Cannabis and Virus: How they spread and how to destroy them

Cannabis and Virus: How they spread and how to destroy them

What are phytoviruses or viruses that attack plant organisms?

Viruses that infect plant organisms called phytoviruses are parasites that use the plant as a host or reproduction host.

They are formed by a protein cover called a capsid that surrounds the genetic material, nucleic acids (RNA or DNA), in most plant viruses the genetic material is a chain of RNA.

The first virus detected in plants was the tobacco mosaic virus, discovered by Dmitri Ivanovski and Martinus Willem Beijerinck in the late 19th century that wreaks havoc on tobacco plants and is believed to be able to infect cannabis as well.


How do they spread?

Once inside the cell the capsule is detached and the genetic material is replicated along with that of the cell creating new copies of the virus, infecting new adjacent cells, they can also "travel" with sap reaching new parts of the plant.

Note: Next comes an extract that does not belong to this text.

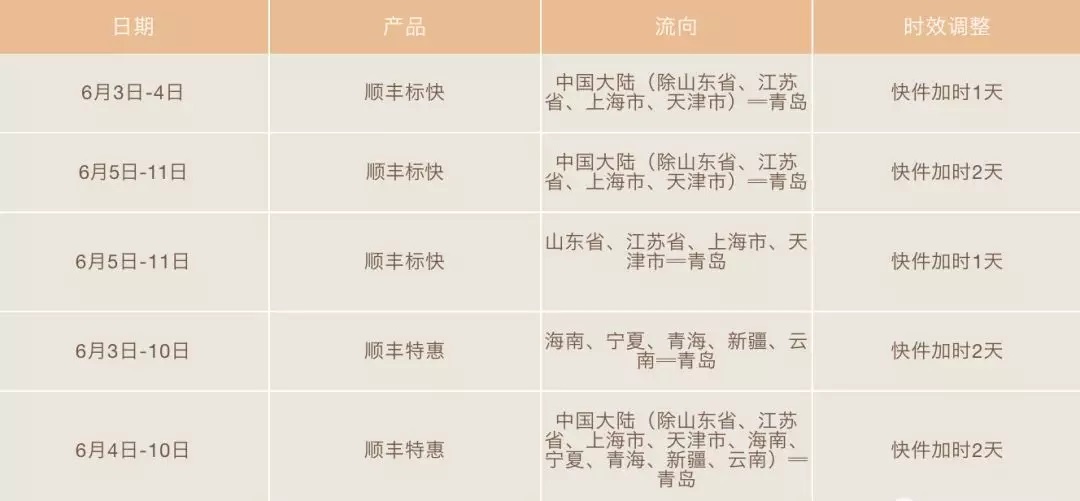 6月3日-11日,全網(wǎng)進(jìn)出青島流向的順豐次晨、即日、生鮮速配、部分醫(yī)藥冷運等對溫度及時效要求較高的產(chǎn)品和冷藏冷凍件停收,物流普運等重貨類產(chǎn)品停收(重貨快運加時不停收)。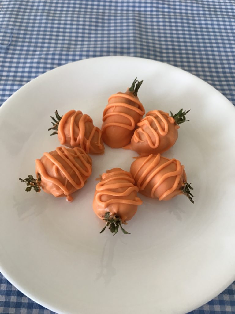 My girls and I had quickly melted a bag of chocolate chips and a little shortening over low heat until shiny and smooth. We dipped each berry and then placed on a cookie sheet that had been covered with wax paper. We popped them into the fridge and they were ready to eat in about a half and hour.

Viruses by themselves are incapable of transferring to other plants, for their dispersion they need "vectors", that is, any organism capable of transporting the virus from one plant to another.

Typical cannabis pests such as aphids, whiteflies, or thrips can act as vectors but also numerous insects and nematodes. Sometimes they can be found in substrates, seeds and pollen of infected plants as well as in the grower themselves or the cultivation tools that have previously had contact with infected plant material.



The most common symptoms are dwarfism, mosaic, mottling, chlorosis, necrosis, and deformation.

The mosaics are areas of the leaves where light green, yellow, dark green even gold combinations appear. Localized lesions are chlorotic spots or spots that end up necrotizing as well as yellowing in the form of stripes or striae. Also, curling of the leaves, curving up or down, dwarfism or reduction in leaf growth and internodal distances giving small or stocky plants.

Some of these symptoms could be mistaken for nutrient deficiencies, genetic mutations, or root problems. If your plants are growing vigorous, with no other symptoms, and you don't see spread to other plants, you shouldn't worry, as it's probably not a virus infection.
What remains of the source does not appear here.